Smart agriculture based on artificial intelligence is one of the most important modern trends in agricultural development. It aims to improve productivity and achieve sustainability through the use of advanced digital technologies. This type of agriculture relies on intelligent systems capable of collecting and analyzing agricultural data and making accurate decisions in real time.
AI contributes to crop monitoring and analysis of soil and weather conditions using sensors, drones, and satellite imagery. By analyzing this data, optimal planting times, irrigation amounts, and fertilization needs can be predicted, reducing waste and increasing production efficiency.
AI is also used for early detection of plant diseases and pests through image analysis and biological pattern recognition. This allows for rapid intervention, reducing the spread of diseases and minimizing the use of chemical pesticides, resulting in healthier and more environmentally friendly crops.

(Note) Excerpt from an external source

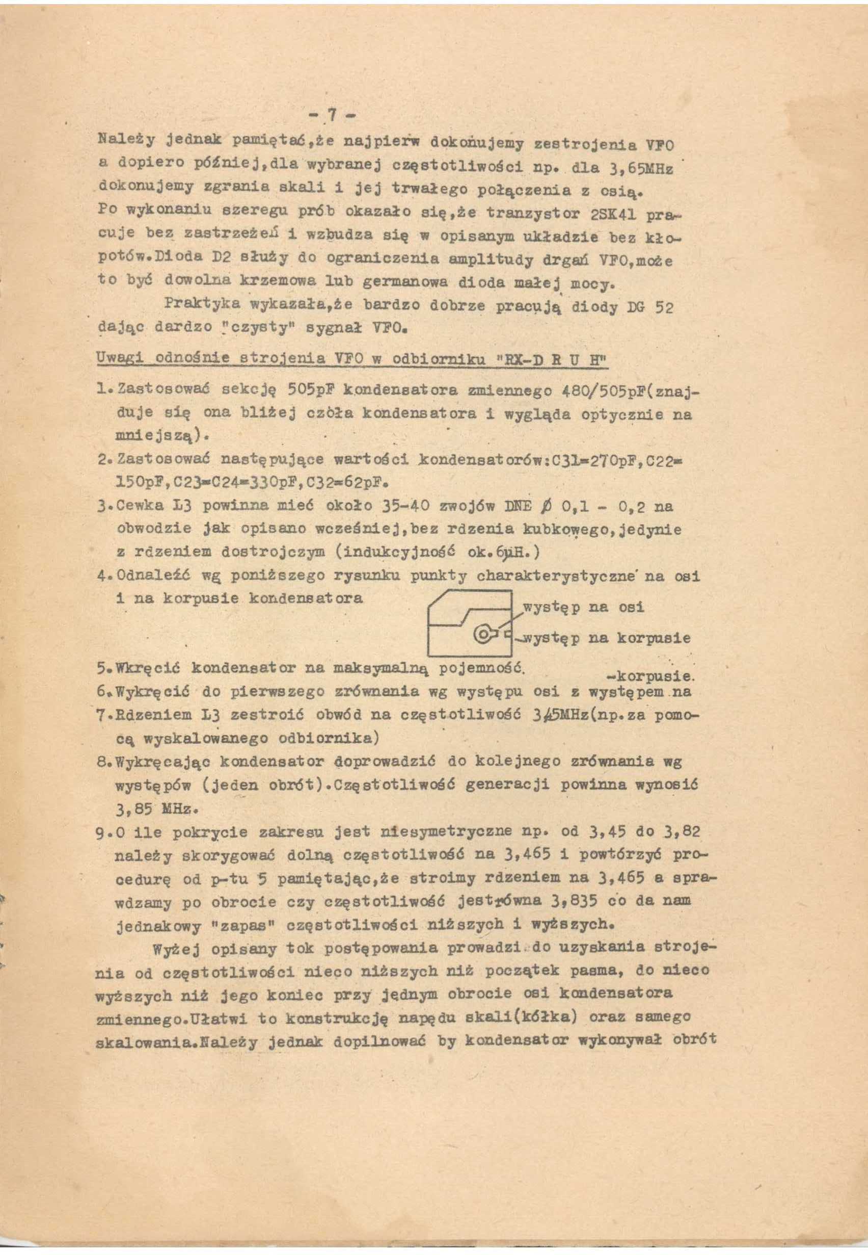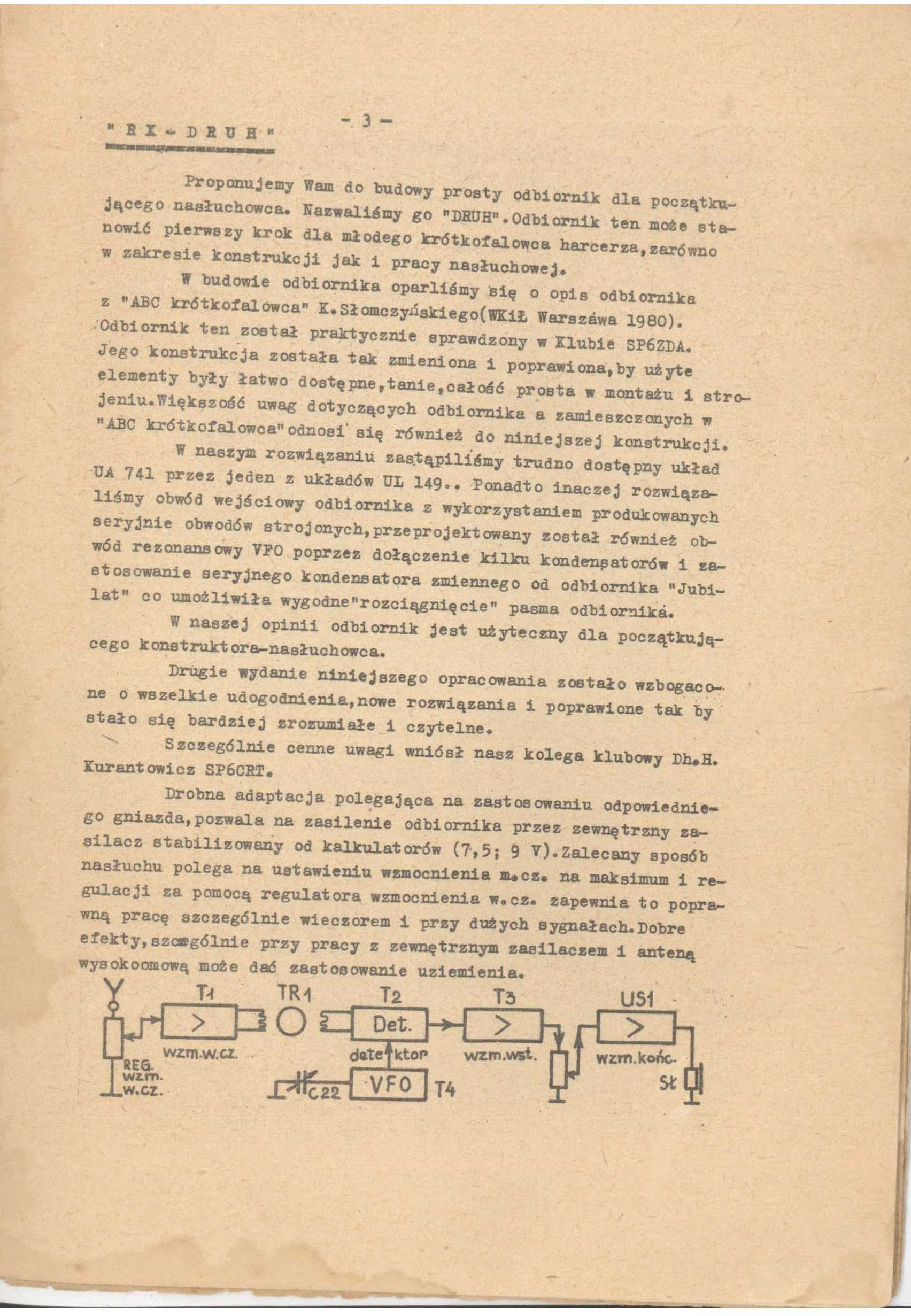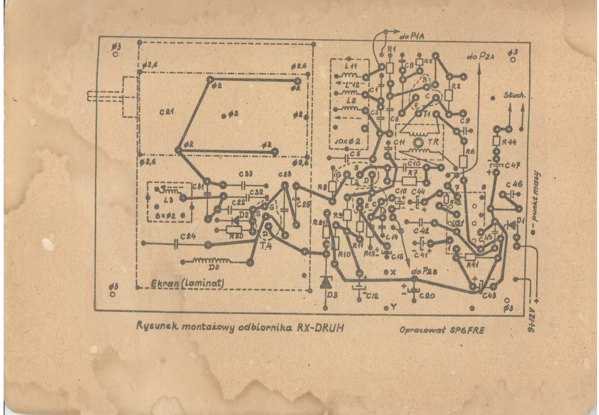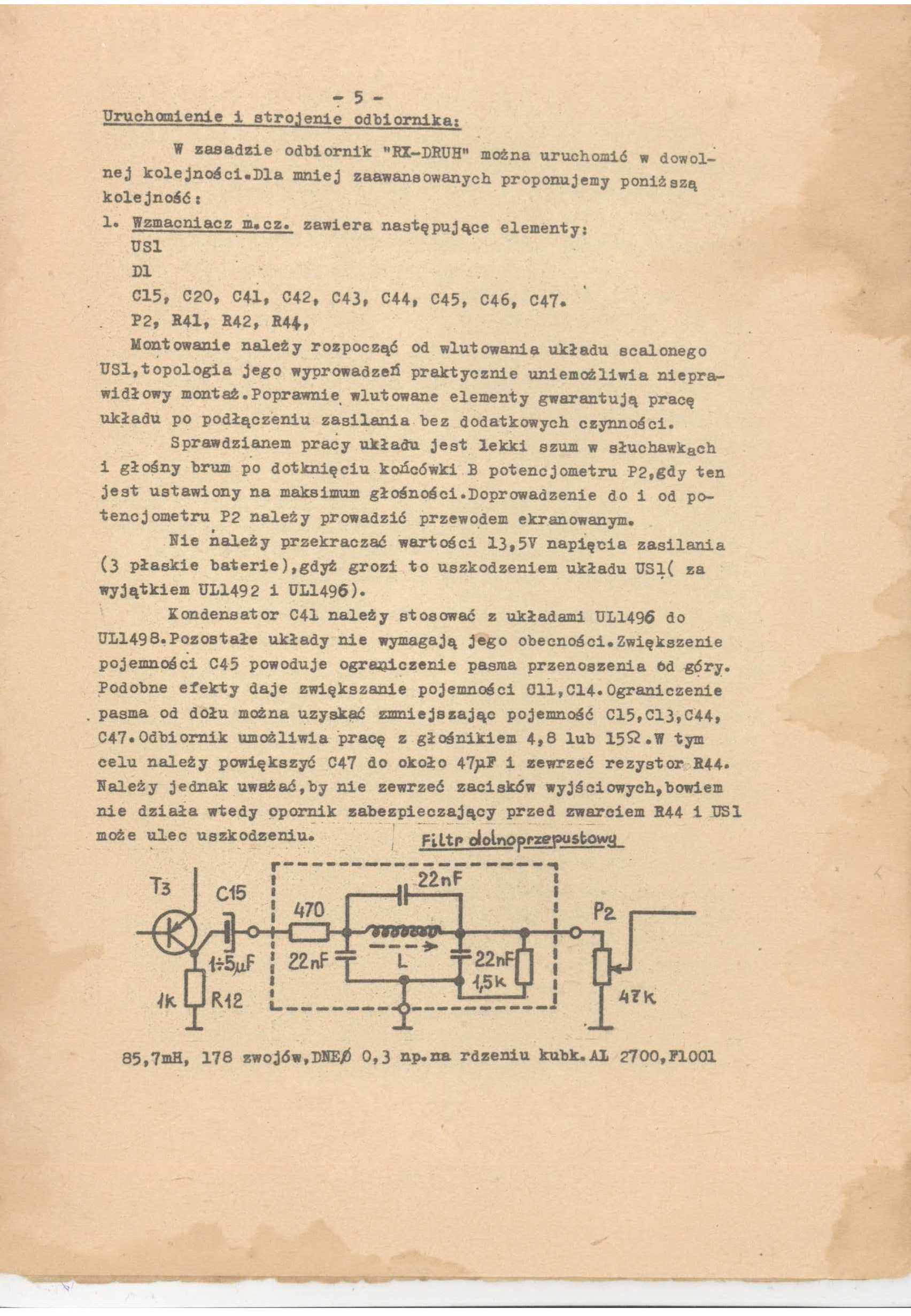 Dokumentacja składa się z kilkunastu stron i zawiera szczegółowy opis montażu i uruchomienia odbiornika mający służyć jako manual przy powielaniu konstrukcji przez harcerzy z drużyn łączności ZHP. Jak widać czas obszedł się surowo z papierem dokumentacji, który w tych czasach nie był najwyższej jakości ;-) |

In resource management, AI helps optimize water and energy usage, particularly in smart irrigation systems that predict actual plant needs. It also supports farmers in making informed decisions regarding harvesting, storage, and marketing, thereby increasing economic returns.
Despite its many advantages, smart agriculture faces challenges related to the cost of modern technologies, digital infrastructure, and training of agricultural personnel. Nevertheless, the future points toward expanded use of AI in agriculture to ensure food security, address climate change, and promote sustainable natural resource management.